_DATA SHOWN_

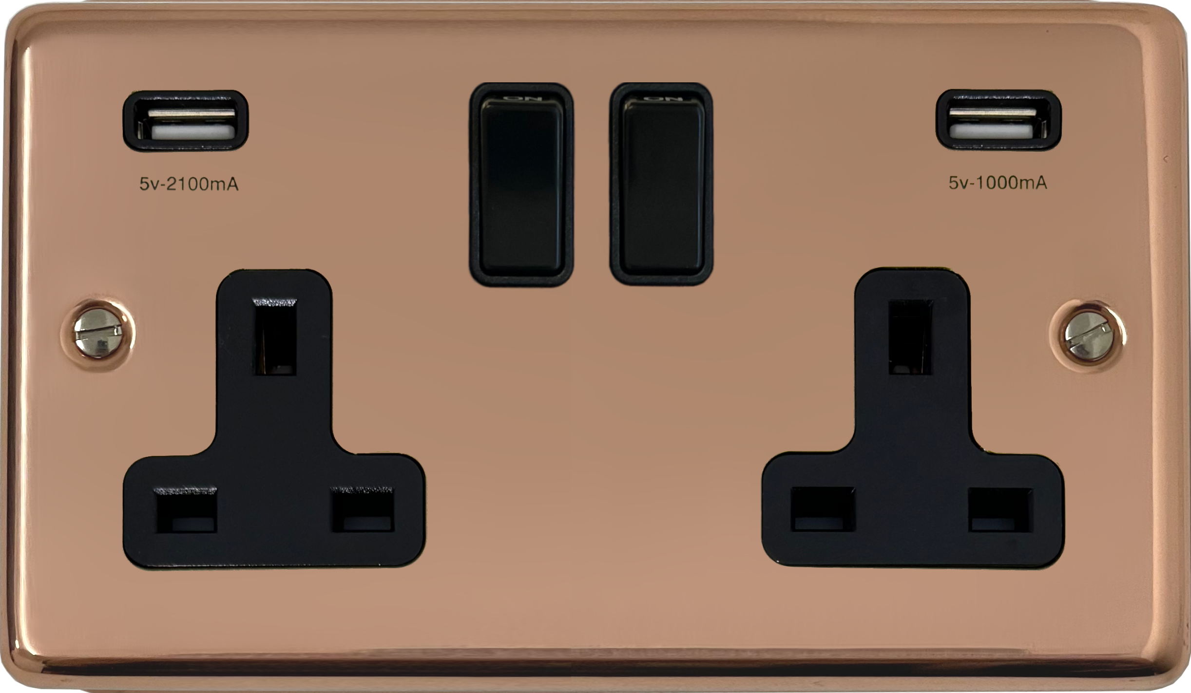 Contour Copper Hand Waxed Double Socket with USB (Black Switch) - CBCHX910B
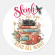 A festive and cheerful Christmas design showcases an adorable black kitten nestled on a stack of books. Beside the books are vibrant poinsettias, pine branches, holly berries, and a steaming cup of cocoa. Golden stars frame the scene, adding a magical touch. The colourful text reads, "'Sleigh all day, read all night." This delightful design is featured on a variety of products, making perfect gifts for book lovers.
* * *
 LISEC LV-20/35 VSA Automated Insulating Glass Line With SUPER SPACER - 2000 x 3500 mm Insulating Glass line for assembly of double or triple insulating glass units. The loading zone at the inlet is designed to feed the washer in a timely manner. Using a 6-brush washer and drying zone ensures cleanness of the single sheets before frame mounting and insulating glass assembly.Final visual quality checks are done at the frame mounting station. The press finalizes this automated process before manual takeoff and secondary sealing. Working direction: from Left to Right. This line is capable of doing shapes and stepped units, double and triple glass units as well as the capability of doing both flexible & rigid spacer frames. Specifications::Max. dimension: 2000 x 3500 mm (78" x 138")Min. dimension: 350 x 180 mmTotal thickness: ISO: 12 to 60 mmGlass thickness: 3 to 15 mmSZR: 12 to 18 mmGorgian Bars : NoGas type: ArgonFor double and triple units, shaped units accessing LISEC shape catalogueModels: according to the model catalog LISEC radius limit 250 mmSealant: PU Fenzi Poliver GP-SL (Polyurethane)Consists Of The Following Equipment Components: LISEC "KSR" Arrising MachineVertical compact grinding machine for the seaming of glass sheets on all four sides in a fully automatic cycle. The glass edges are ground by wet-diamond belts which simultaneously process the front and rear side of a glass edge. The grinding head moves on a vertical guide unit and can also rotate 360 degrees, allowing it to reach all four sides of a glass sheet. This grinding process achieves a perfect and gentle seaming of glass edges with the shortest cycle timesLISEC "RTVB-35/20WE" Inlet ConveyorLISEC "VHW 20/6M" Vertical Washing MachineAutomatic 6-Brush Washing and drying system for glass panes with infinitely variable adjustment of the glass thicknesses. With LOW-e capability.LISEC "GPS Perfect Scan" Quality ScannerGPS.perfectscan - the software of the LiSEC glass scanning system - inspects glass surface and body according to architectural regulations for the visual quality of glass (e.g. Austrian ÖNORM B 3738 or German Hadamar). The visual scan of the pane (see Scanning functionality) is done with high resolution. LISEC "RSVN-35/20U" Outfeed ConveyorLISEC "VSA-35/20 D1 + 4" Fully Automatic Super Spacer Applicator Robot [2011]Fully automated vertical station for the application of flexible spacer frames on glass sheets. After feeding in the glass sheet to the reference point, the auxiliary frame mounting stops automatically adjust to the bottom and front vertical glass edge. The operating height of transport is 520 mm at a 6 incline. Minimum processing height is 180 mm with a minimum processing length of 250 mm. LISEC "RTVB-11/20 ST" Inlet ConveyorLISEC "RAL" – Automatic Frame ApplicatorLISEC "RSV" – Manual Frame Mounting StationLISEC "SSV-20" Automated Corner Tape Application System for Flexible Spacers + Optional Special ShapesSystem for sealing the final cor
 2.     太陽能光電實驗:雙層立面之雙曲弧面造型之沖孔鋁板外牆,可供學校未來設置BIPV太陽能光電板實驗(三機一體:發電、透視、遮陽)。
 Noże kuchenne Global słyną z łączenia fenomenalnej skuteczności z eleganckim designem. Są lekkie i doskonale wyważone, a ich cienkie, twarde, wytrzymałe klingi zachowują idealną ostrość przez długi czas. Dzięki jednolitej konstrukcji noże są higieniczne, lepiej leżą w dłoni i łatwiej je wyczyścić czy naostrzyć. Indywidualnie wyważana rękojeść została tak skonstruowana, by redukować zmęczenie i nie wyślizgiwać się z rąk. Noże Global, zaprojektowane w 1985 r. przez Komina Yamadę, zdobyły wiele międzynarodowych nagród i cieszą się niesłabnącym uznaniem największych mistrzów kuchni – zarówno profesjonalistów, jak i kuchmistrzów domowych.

_TASK BRIEF_
Look above for the line holding "2.     太陽能光電實驗" and the line holding "Noże kuchenne Global", then output exactly those two lines and every line between them, nothing more.

_YOUR RESPONSE_
 2.     太陽能光電實驗:雙層立面之雙曲弧面造型之沖孔鋁板外牆,可供學校未來設置BIPV太陽能光電板實驗(三機一體:發電、透視、遮陽)。
 Noże kuchenne Global słyną z łączenia fenomenalnej skuteczności z eleganckim designem. Są lekkie i doskonale wyważone, a ich cienkie, twarde, wytrzymałe klingi zachowują idealną ostrość przez długi czas. Dzięki jednolitej konstrukcji noże są higieniczne, lepiej leżą w dłoni i łatwiej je wyczyścić czy naostrzyć. Indywidualnie wyważana rękojeść została tak skonstruowana, by redukować zmęczenie i nie wyślizgiwać się z rąk. Noże Global, zaprojektowane w 1985 r. przez Komina Yamadę, zdobyły wiele międzynarodowych nagród i cieszą się niesłabnącym uznaniem największych mistrzów kuchni – zarówno profesjonalistów, jak i kuchmistrzów domowych.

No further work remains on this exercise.